Activity: Where the data below contains pictures, omit them; output the rest word for word.

START Available records

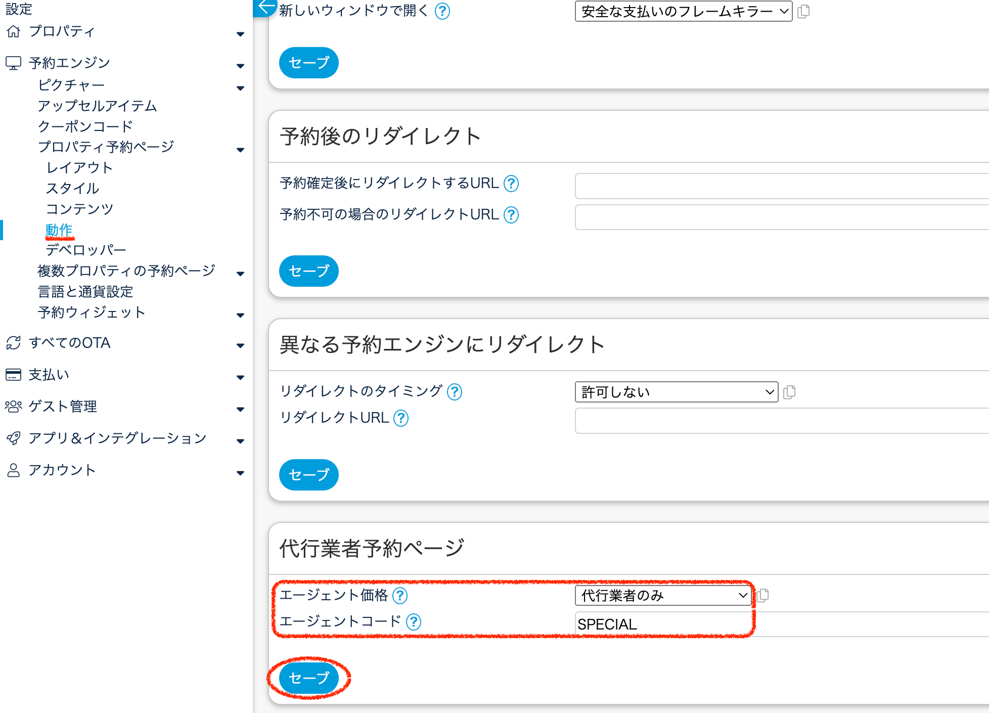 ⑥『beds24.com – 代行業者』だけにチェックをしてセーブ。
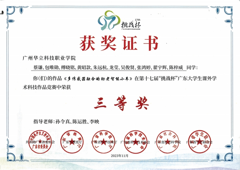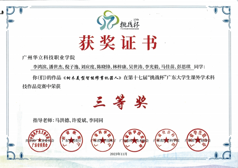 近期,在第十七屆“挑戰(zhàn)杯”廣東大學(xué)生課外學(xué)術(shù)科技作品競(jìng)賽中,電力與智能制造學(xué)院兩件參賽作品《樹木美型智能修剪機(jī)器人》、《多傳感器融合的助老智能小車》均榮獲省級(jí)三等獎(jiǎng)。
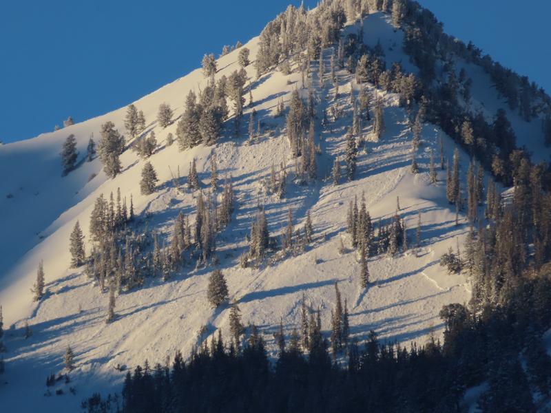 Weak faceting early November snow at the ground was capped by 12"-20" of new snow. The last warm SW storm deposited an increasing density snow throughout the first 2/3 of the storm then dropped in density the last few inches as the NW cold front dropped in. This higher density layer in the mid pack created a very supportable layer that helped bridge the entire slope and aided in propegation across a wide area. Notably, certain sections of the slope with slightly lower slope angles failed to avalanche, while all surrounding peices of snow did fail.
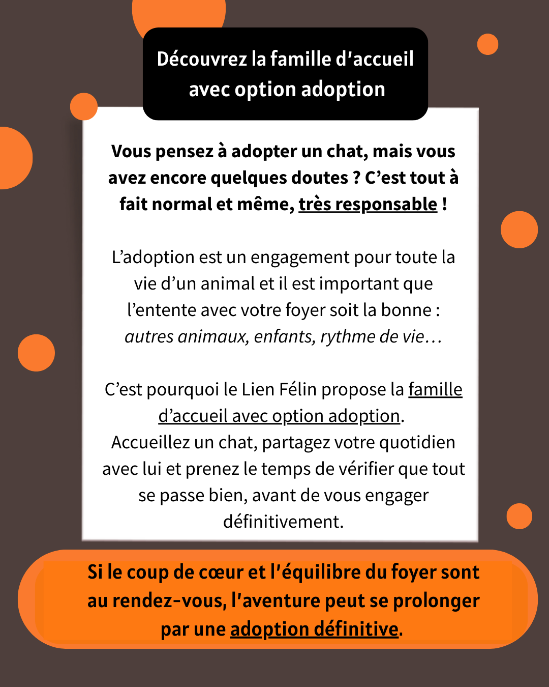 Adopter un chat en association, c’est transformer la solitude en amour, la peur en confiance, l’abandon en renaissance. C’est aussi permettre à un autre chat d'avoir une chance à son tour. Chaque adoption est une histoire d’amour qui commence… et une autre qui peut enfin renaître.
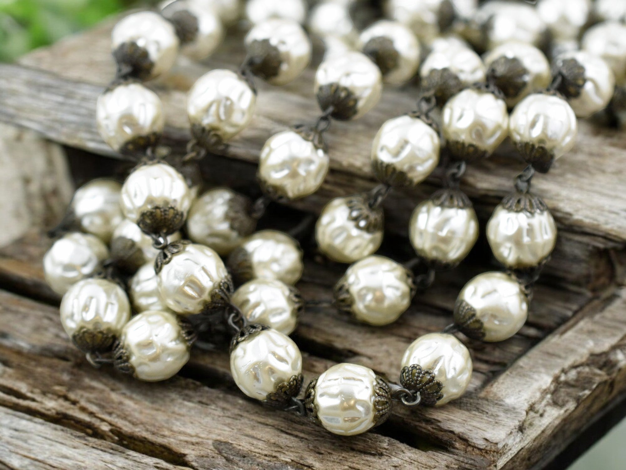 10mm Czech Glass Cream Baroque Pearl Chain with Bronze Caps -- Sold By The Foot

END Available records

Answer space:
 ⑥『beds24.com – 代行業者』だけにチェックをしてセーブ。
 近期,在第十七屆“挑戰(zhàn)杯”廣東大學(xué)生課外學(xué)術(shù)科技作品競(jìng)賽中,電力與智能制造學(xué)院兩件參賽作品《樹木美型智能修剪機(jī)器人》、《多傳感器融合的助老智能小車》均榮獲省級(jí)三等獎(jiǎng)。
 Weak faceting early November snow at the ground was capped by 12"-20" of new snow. The last warm SW storm deposited an increasing density snow throughout the first 2/3 of the storm then dropped in density the last few inches as the NW cold front dropped in. This higher density layer in the mid pack created a very supportable layer that helped bridge the entire slope and aided in propegation across a wide area. Notably, certain sections of the slope with slightly lower slope angles failed to avalanche, while all surrounding peices of snow did fail.
 Adopter un chat en association, c’est transformer la solitude en amour, la peur en confiance, l’abandon en renaissance. C’est aussi permettre à un autre chat d'avoir une chance à son tour. Chaque adoption est une histoire d’amour qui commence… et une autre qui peut enfin renaître.
 10mm Czech Glass Cream Baroque Pearl Chain with Bronze Caps -- Sold By The Foot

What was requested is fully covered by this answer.